## WORK TO COMPLETE
Within the material below, locate the line with "Central Multimídia Mp5" and the line with "Purple Wave is", then return those two lines and all lines between them, exactly as written.

## INPUT
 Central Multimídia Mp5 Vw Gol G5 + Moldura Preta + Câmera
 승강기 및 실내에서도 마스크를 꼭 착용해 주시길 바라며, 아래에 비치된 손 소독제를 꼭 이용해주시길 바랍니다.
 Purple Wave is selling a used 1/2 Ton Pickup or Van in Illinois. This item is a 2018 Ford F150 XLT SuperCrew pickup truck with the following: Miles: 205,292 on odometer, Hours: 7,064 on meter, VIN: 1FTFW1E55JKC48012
==
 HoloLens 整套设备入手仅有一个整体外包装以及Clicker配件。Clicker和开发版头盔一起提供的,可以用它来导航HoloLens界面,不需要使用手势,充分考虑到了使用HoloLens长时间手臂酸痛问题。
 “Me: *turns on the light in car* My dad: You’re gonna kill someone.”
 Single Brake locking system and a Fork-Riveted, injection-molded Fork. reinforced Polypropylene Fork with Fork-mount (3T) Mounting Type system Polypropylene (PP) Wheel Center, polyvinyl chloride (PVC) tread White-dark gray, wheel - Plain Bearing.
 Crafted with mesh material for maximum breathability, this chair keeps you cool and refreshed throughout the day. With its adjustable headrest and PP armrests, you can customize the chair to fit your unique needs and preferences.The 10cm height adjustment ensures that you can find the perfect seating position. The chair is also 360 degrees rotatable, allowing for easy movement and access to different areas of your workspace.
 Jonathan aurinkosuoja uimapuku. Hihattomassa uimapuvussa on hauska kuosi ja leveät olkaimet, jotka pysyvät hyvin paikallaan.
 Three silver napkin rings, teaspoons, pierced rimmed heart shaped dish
---
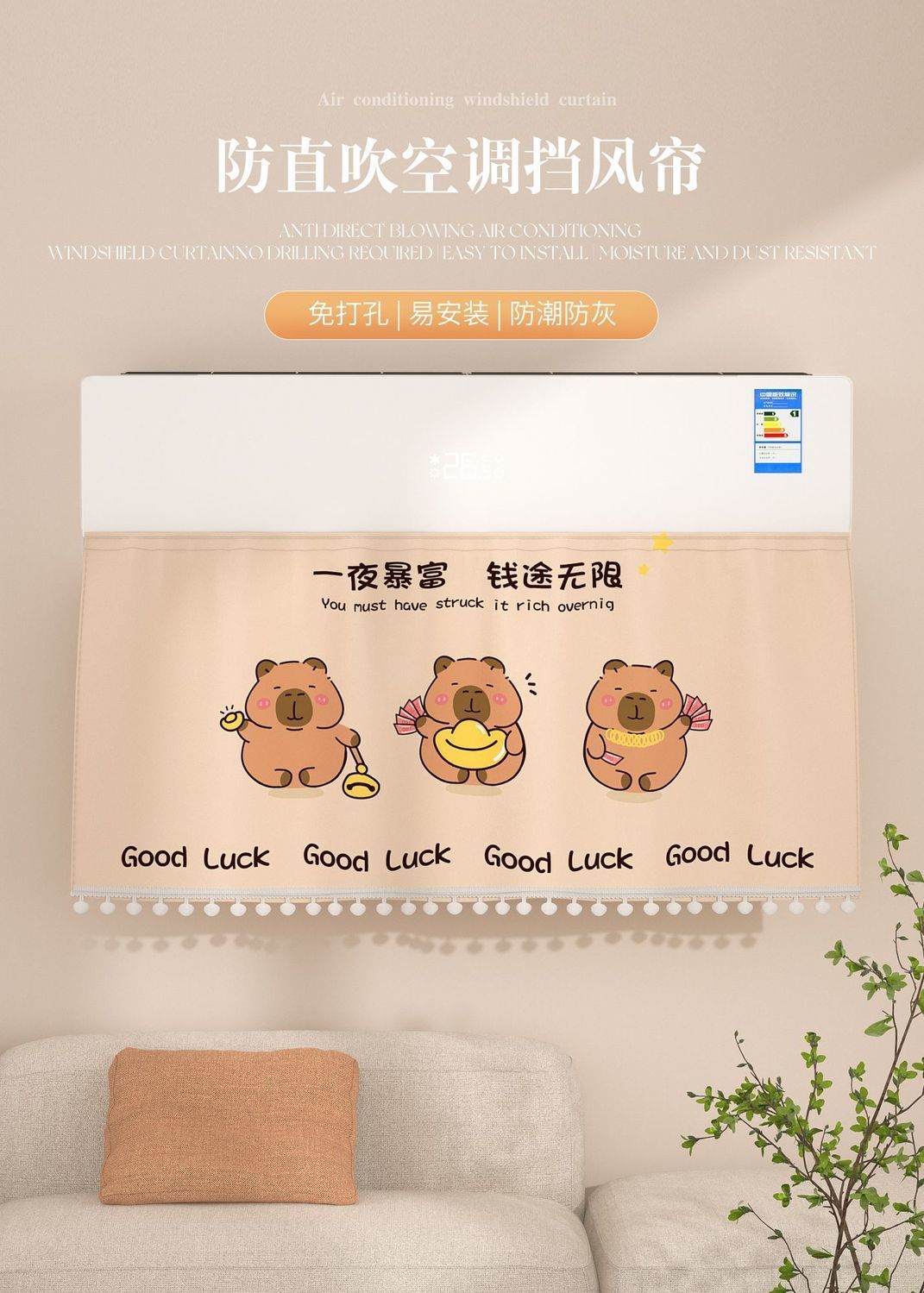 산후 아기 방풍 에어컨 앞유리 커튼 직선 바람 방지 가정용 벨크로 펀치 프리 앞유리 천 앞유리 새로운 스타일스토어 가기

## EXERCISE RESPONSE
 Central Multimídia Mp5 Vw Gol G5 + Moldura Preta + Câmera
 승강기 및 실내에서도 마스크를 꼭 착용해 주시길 바라며, 아래에 비치된 손 소독제를 꼭 이용해주시길 바랍니다.
 Purple Wave is selling a used 1/2 Ton Pickup or Van in Illinois. This item is a 2018 Ford F150 XLT SuperCrew pickup truck with the following: Miles: 205,292 on odometer, Hours: 7,064 on meter, VIN: 1FTFW1E55JKC48012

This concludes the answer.